Evang.  Kirche  Zell im Wiesental
 

Wie die evangelische Kirchengemeinde Zell entstand.

1556 führte Markgraf Karl II. in seinen Ländern die Reformation nach lutherischer Lehre durch. Seine Entscheidung basierte auf dem berühmten Beschluß des Augsburger Reichstags von 1555: "Cuius regio, eius religio" (wem das Gebiet gehört, soll bestimmen, welche Konfession gilt). Schon sein Vater, Markgraf Ernst, war der lutherischen Lehre zugeneigt, scheute sich aber aus Rücksicht auf Österreich, das die obere Markgrafschaft (Müllheim, Badenweiler, Rötteln, Schopfheim) umschloß, sich offen dazu zu bekennen. Denn Österreich blieb "römisch" (=katholisch). Die Grenze zwischen den deutschen Ländern Baden und Österreich verlief bei uns zwischen Hausen (badisch) und Zell (österreichisch). So kam es, daß es in Zell bis zum Untergang des "Heiligen Römischen Reiches Deutscher Nation" - so hieß das deutsche Staatsgebilde bis 1806 - keine Evangelischen gab.

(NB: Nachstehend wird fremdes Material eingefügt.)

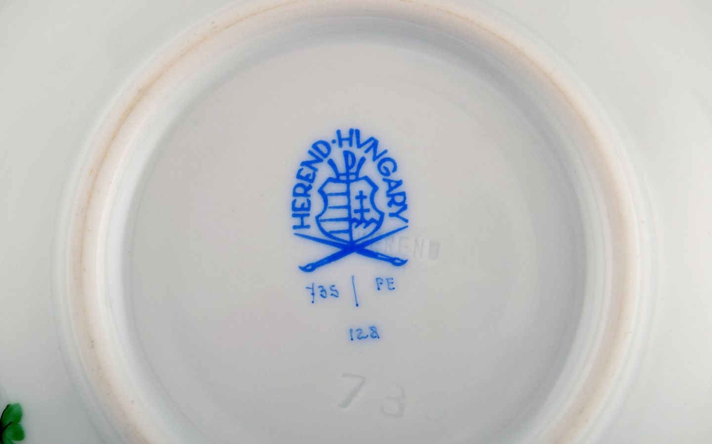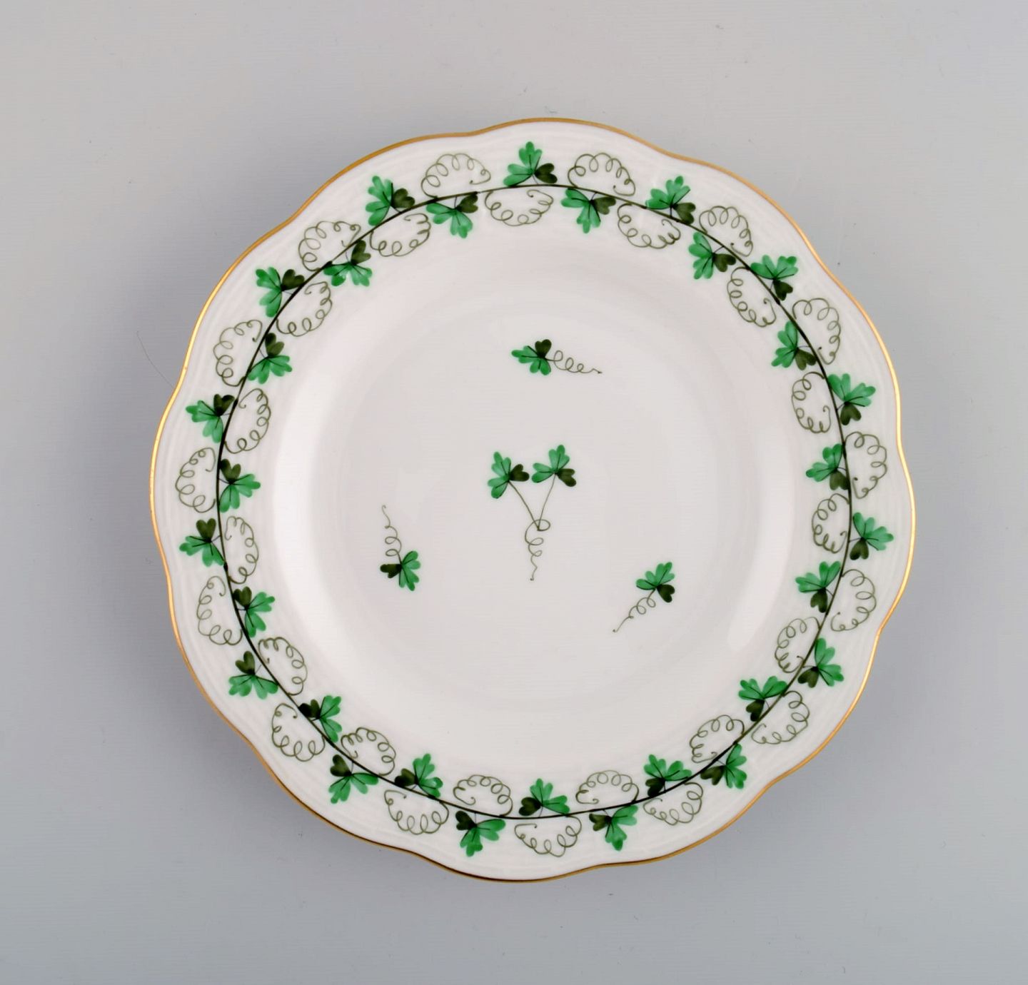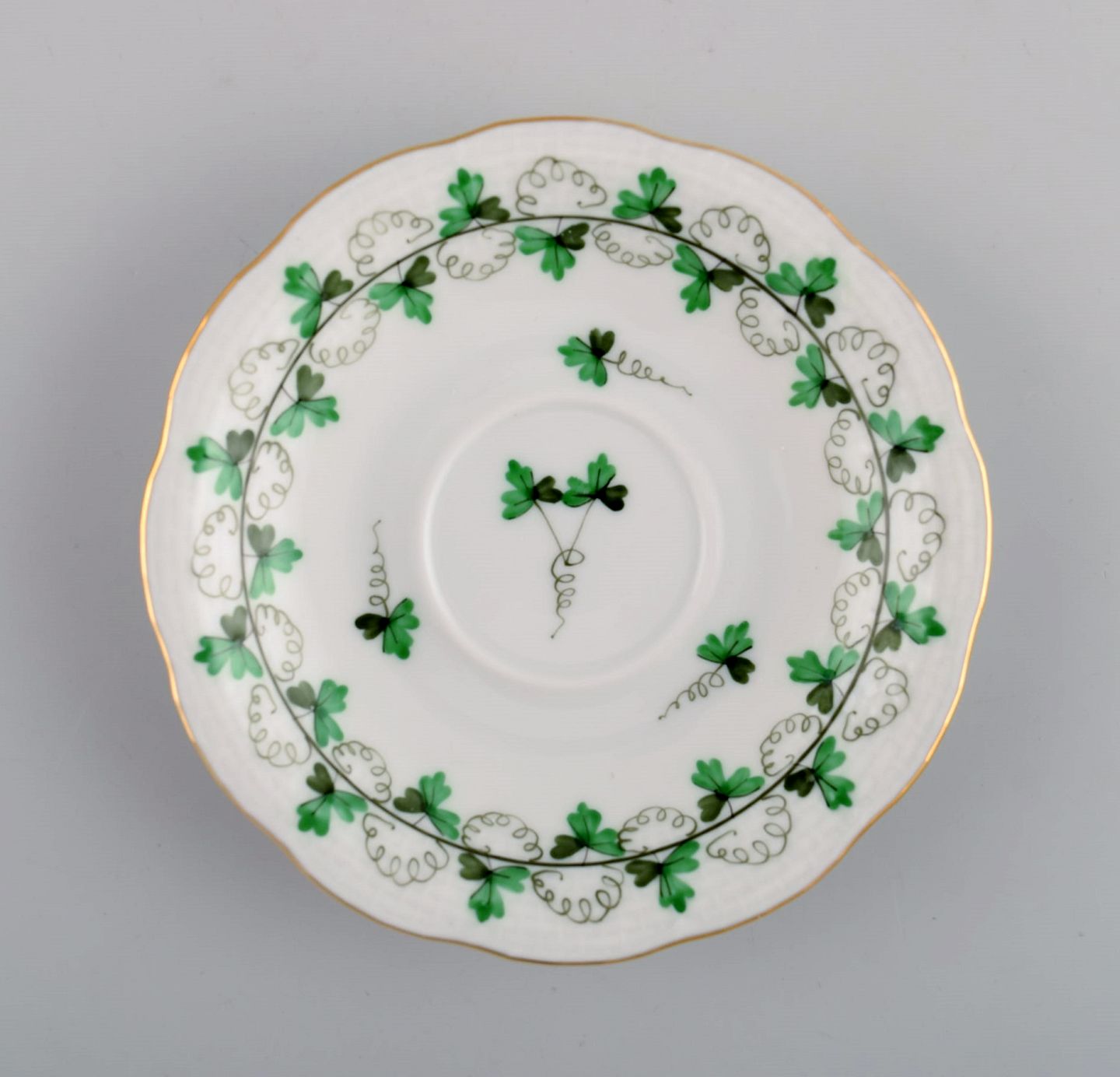 Herend Grøn Trekløver egoist kaffeservice i håndmalet porcelæn med guldkant. Midt 1900-tallet.
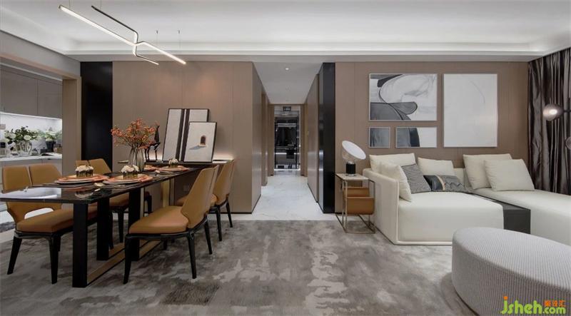 基于地鐵綜合物業(yè)形態(tài),樣板房設(shè)計(jì)師將該項(xiàng)目命名為“都市故事發(fā)生地”。簡(jiǎn)潔的造型線條和內(nèi)斂的色調(diào),帶有男性審美偏好的場(chǎng)景設(shè)置,在造價(jià)控制范圍內(nèi)完成氛圍營(yíng)造。
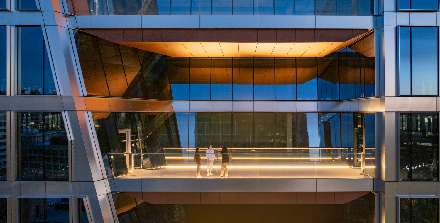 Outside, a sculptural façade features illuminated vertical “canyons” achieved with concealed luminaires, producing a “magic light” effect through precise beam control. The architectural lighting harmonizes with the surrounding cityscape while reinforcing the building’s distinct identity. Indirect uplighting and concealed LEDs under benches, balconies, and guardrails activate the public realm, creating a nighttime ambiance that blends commercial elegance with urban warmth.
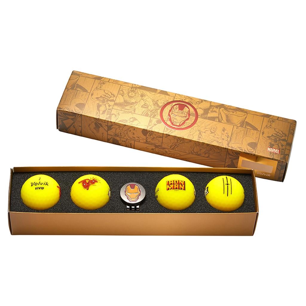 - Includes: 4 VIVID golf balls adorned with eye-catching Iron Man designs, plus a collectible Iron Man magnetic hat clip/ball marker
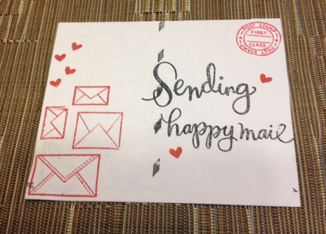 Here's the other side of my postcard. I stamped the same line stamp in memento tuxedo black ink down the middle of the card. Stamped envlopes in various sizes on to the left coloumn with SSS lipstick red ink and also stamped a few hearts. On the right side I stamped the sentiment with black memento ink. Added some more hearts and another first class image. All images except first class circle are from Simon Says Stamp
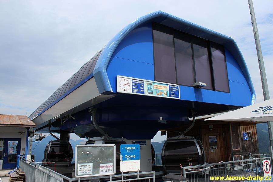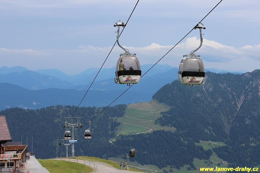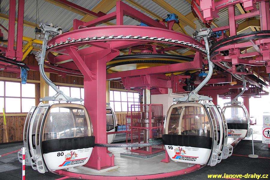 kabinky Ultra 6 firmy Swoboda. Wiedersbergerhornbahn je vybavena mezistanicí, ve
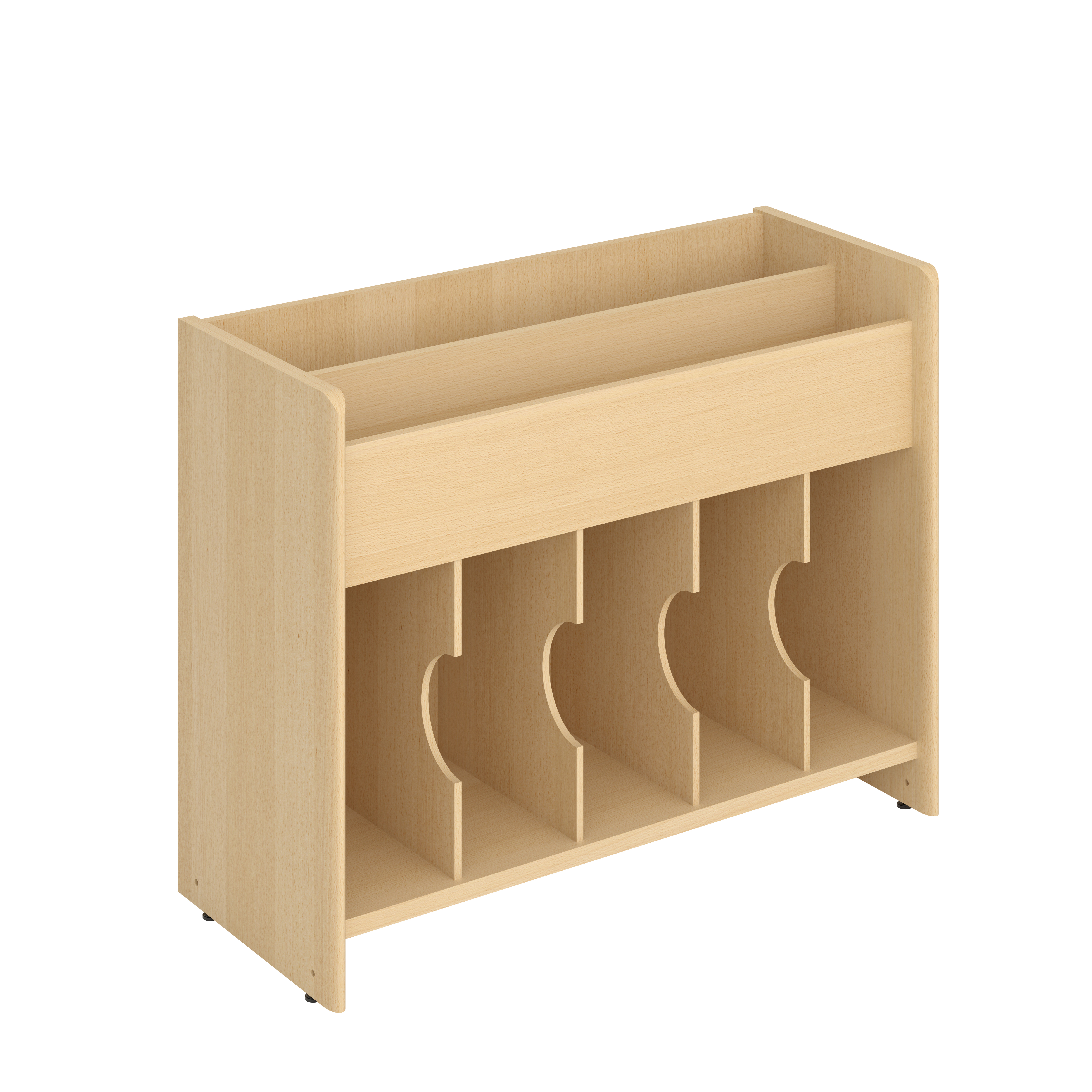 Comporte 2 casiers pour la présentation et 5 casiers pour le rangement.
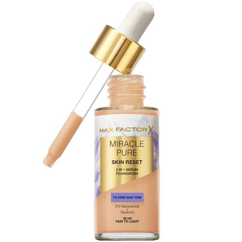 Ervaar de perfectie met de Max Factor Miracle Pure 2in1 Skin Reset Serum Foundation van 30 ml. Deze 2-in-1 serumformule gecombineerd met een vloeibare foundation zorgt direct voor een perfectionerende dekking en een egalere teint. Verrijkt met een reset complex van 2% niacinamide en bisabolol, is deze foundation klinisch en dermatologisch getest voor een gezonde uitstraling van de huid. Met een medium dekkend resultaat en een natuurlijke satijnachtige, matte finish laat deze foundation je stralen in 9 verschillende tinten.

Das änderte sich, als 1806 Vorderösterreich und damit auch Zell badisch wurde. Eine weitere Veränderung brachte die fortschreitende Industriealisierung. 1833 trat ein evangelischer Webermeister seine Arbeit in der neugegründeten Fabrik an: er war der erste evangelische Zeller Bürger. 1850 waren es schon 62, acht Jahre später 263. Der 10. November 1883 war ein großer "evangelischer Tag" für Zell: anlässlich des 400. Geburtstages von Martin Luther fand im katholischen Zell eine große Lutherfeier statt, mit beeindruckendem Fackelzug am Abend. Der Fackelzug wurde von mehr als 150 Männern bestritten. "Wo sind sie geblieben?", fragen wir heutzutage angesichts der Tatsache, dass Männer totale Mangelware im Gemeindeleben geworden sind.

Damals war das anders. Der Wunsch nach einer eigenen Kirche wurde laut, musste man doch bisher entweder nach Hausen oder nach Gresgen zum Gottesdienst pilgern. 

Am 1. Oktober 1886 beschloss man in einer denkwürdigen Sitzung, den Wunsch der evangelischen Bewohner von Zell in die Tat umzusetzen. Das Protokoll ist unterschrieben von Herrmann Specht, Martin Schaulin, Nikolaus Ullmerich, Adolf Plüß und Gottfried Fessmann. Am 16. Dezember 1888 wurde die Zeller evangelische Kirche eingeweiht.

Seitdem besteht auch die selbständige "Evangelische Kirchengemeinde Zell" mit ihren Nebenorten. Das ganze Kirchengebiet umfasst 56 Quadratkilometer und reicht bis nach Ehrsberg, Pfaffenberg und Blauen hinauf. Insgesamt sind es rund 1.200 Gemeindeglieder. Möge der Glaubenseifer der früheren evangelischen Zeller doch neu erwachen und Junge und Alte, Frauen und Männer, Arme und Wohlhabende im Gottesdienst versammeln und im Bekenntnis vereinen.